In other words, once the buyer has acquired an interest in the partnership, the I.R.S. can determine an underpayment charged to the partnership for a pre-closing period. Suppose the partnership does not make a Push Out election. In that case, the buyer will bear the economic burden of underpayment, either because the partnership fulfills its obligation with its resources or because it needs capital from partners present, including the buyer, to fulfill the obligation. 

Therefore, for partnership purchases after January 1, 2018, purchasers should perform due diligence on uncertain or aggressive positions taken by the partnership to determine its taxable income. In addition, purchasers should ensure that tax returns and transaction offsets for periods before closing include federal income tax coverage for partnership income.

What Business Partners Need To Know

Among the many priorities of the Internal Revenue Service (I.R.S.) is meeting federal partnership income tax obligations. Recently, the I.R.S. has implemented two major programs specifically focused on partnership tax enforcement, and we expect to see increased activity in both programs in 2022 and beyond. Let's discuss some of the implications of these recent developments for business partners:

50 percent of all partnership audits lead to changes in the value of taxes owed

According to I.R.S. data, 50% of all partnership audits for tax years 2016 to 2019 resulted in changes to the amount of tax owed. Although this includes both upward and downward adjustments, it is reasonable to assume that most of these changes increased the federal income tax on the partnership. This high rate of inaccuracy is exactly why the I.R.S. prioritizes partnership tax enforcement.

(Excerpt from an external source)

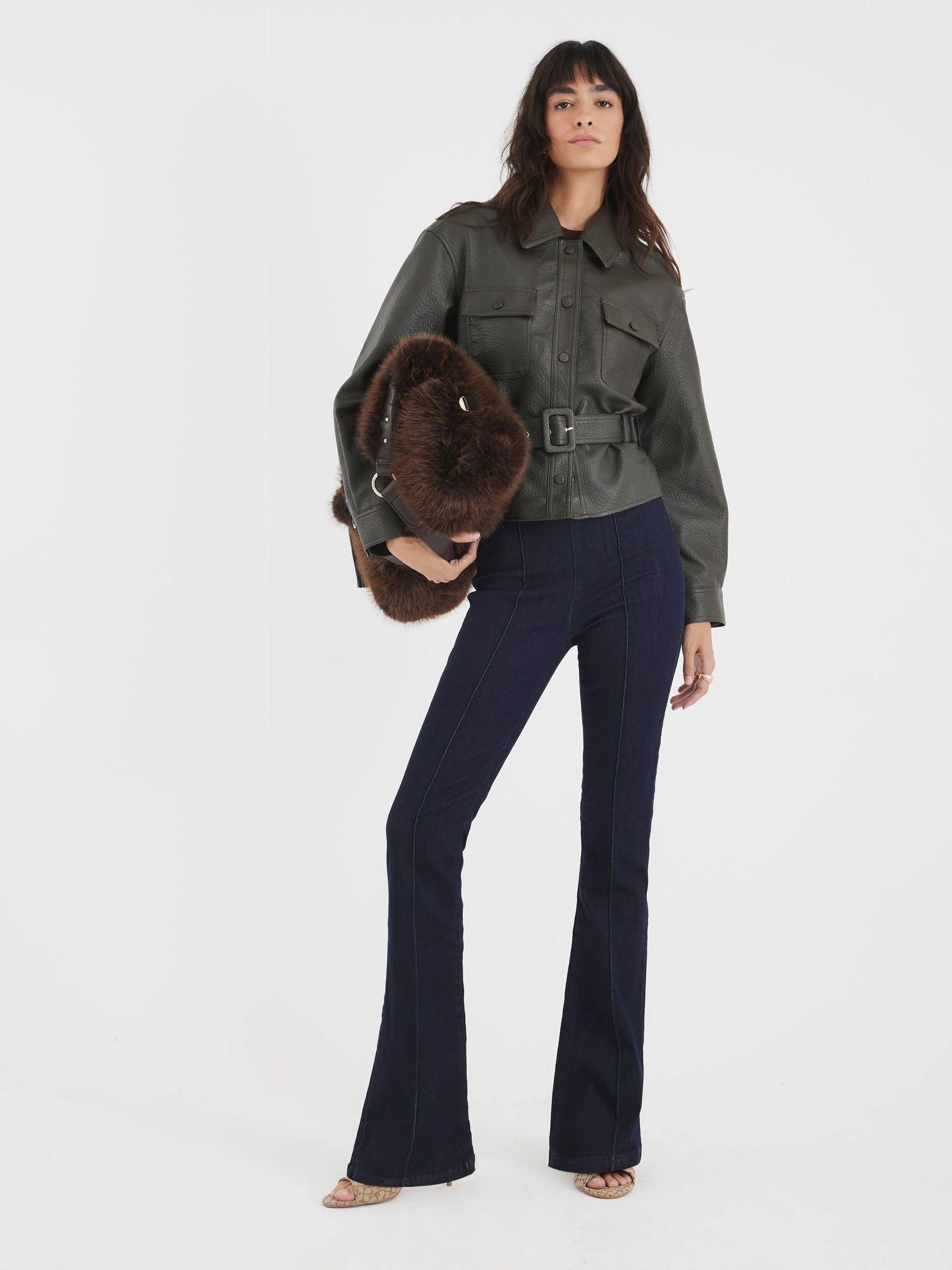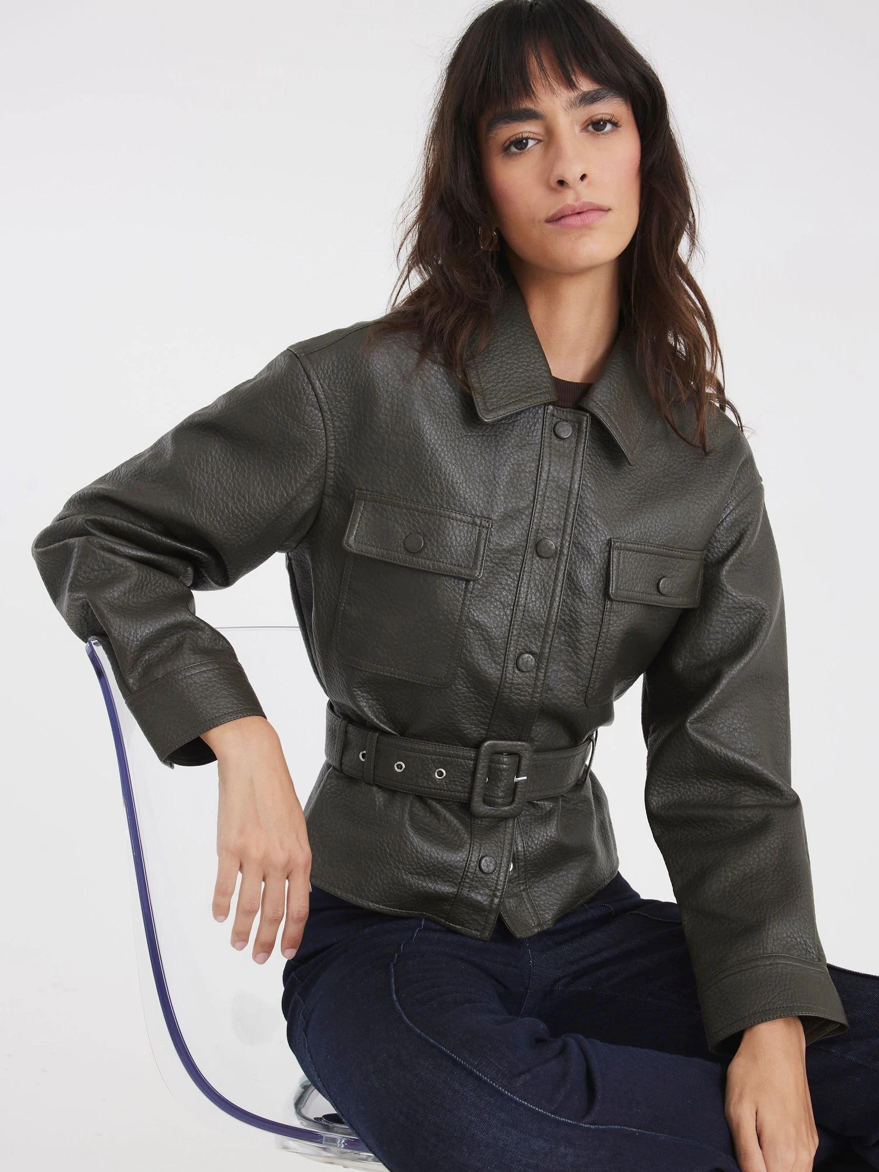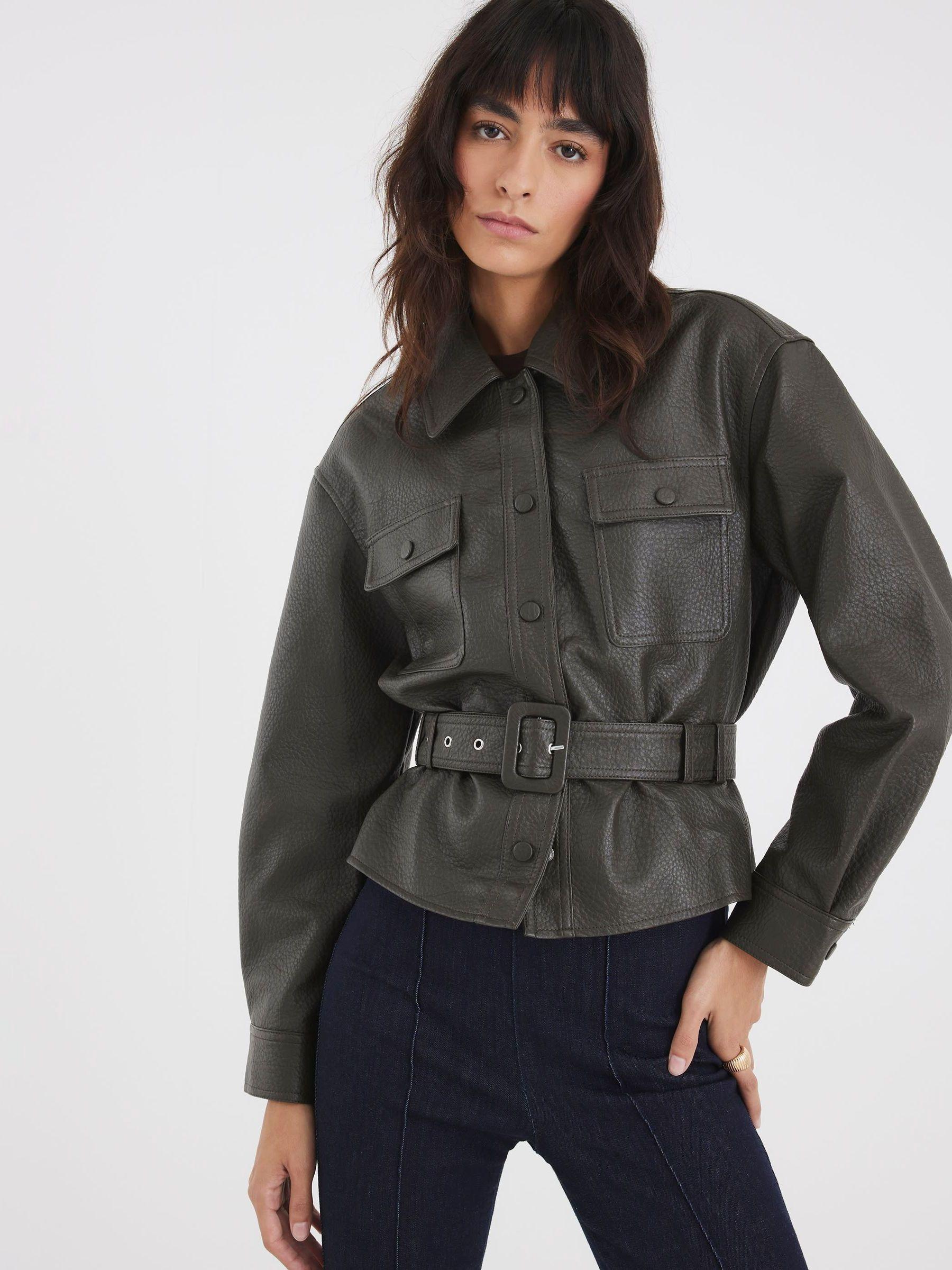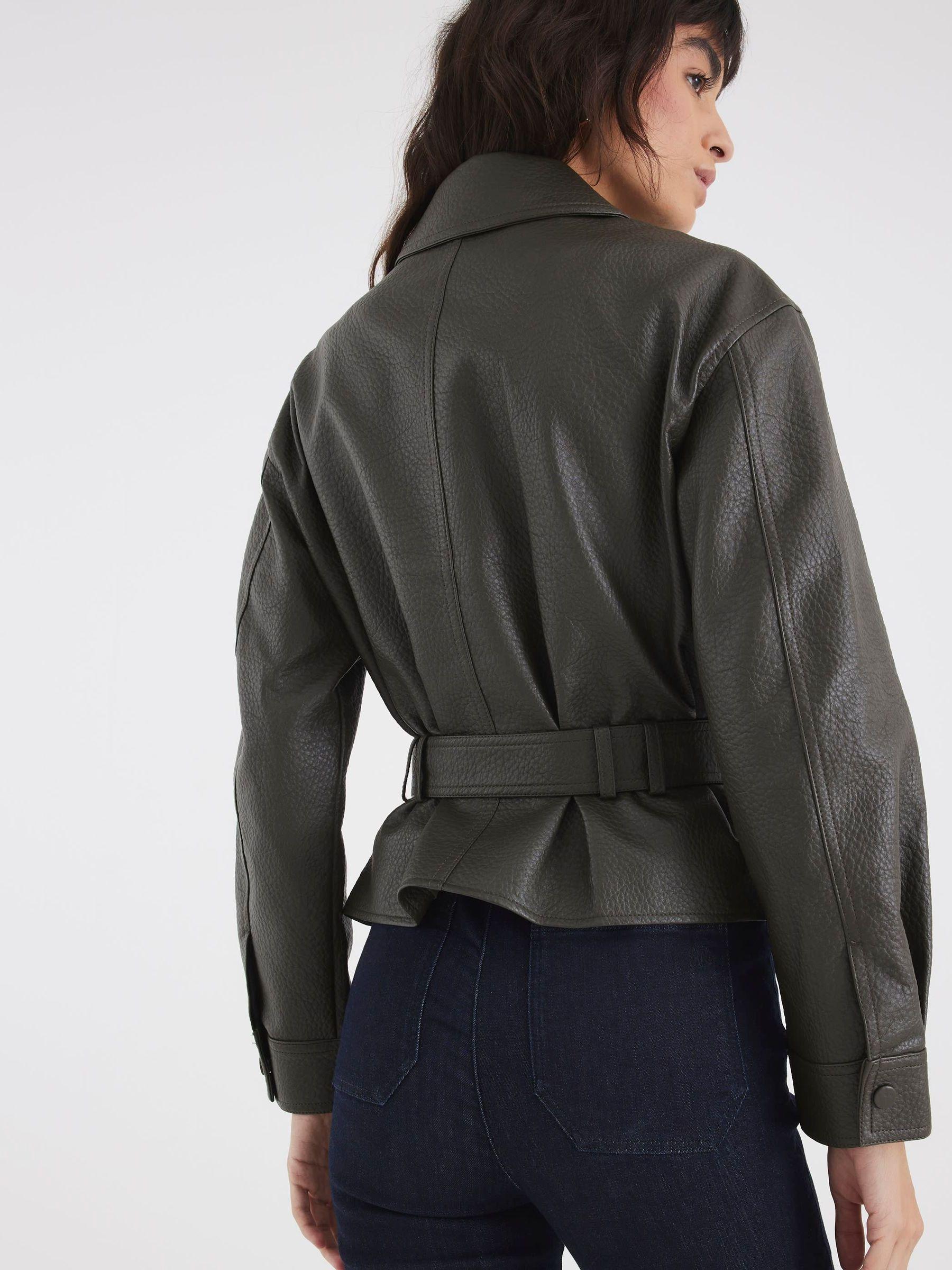 River Island Green Faux Leather Belted Long Sleeve Jacket

I.R.S. B.B.A. Partnership Audit Process and Centralized Partnership Audit Regime

The I.R.S. currently partnership tax evasion through two main programs: (i) the B.B.A. partnership audit process and (ii) the centralized partnership audit regime. While these aren't the only ways the I.R.S. targets partnerships, they have become popular in recent years.

1. B.B.A. Partnership Audit Process

As explained earlier, the IRS BBA audit process was created as part of the Bipartisan Budget Act (B.B.A.) of 2015. Under this program, the I.R.S. selects business income for review based on a preliminary analysis and notifies the selected partnership by issuing letter 2205-D. Specifically, the I.R.S. sends the 2205-D letter only to the designated partnership address and not to the individual partners responsible for the partnership's tax liability.

A BBA partnership audit is a long and structured process. Although partnerships can "opt-out" of the B.B.A. program, there are pros and cons.

2. Centralized Partnership Audit Regime

The Centralized Partnership Audit System is an initiative to improve the efficiency of the Internal Revenue Service's partnership audit process and improve compliance with partnership liability for non-payment of taxes. As part of the B.B.A. partnership audit process, partners can "reject" charged default payments, provided they meet certain requirements. Through the Centralized Partnership Audit Program, the I.R.S. attempts to limit the use of this "opt-out" option to appropriate circumstances and ensure that all taxes owed by individual partners are collected.

Bottom Line

Given the I.R.S.'s emphasis on partnership tax enforcement, business partners should prioritize tax compliance and be prepared to deal effectively with the I.R.S. during a partnership tax audit. Please contact a tax professional, such as DENNIS JAO, for a confidential consultation if you want to know more.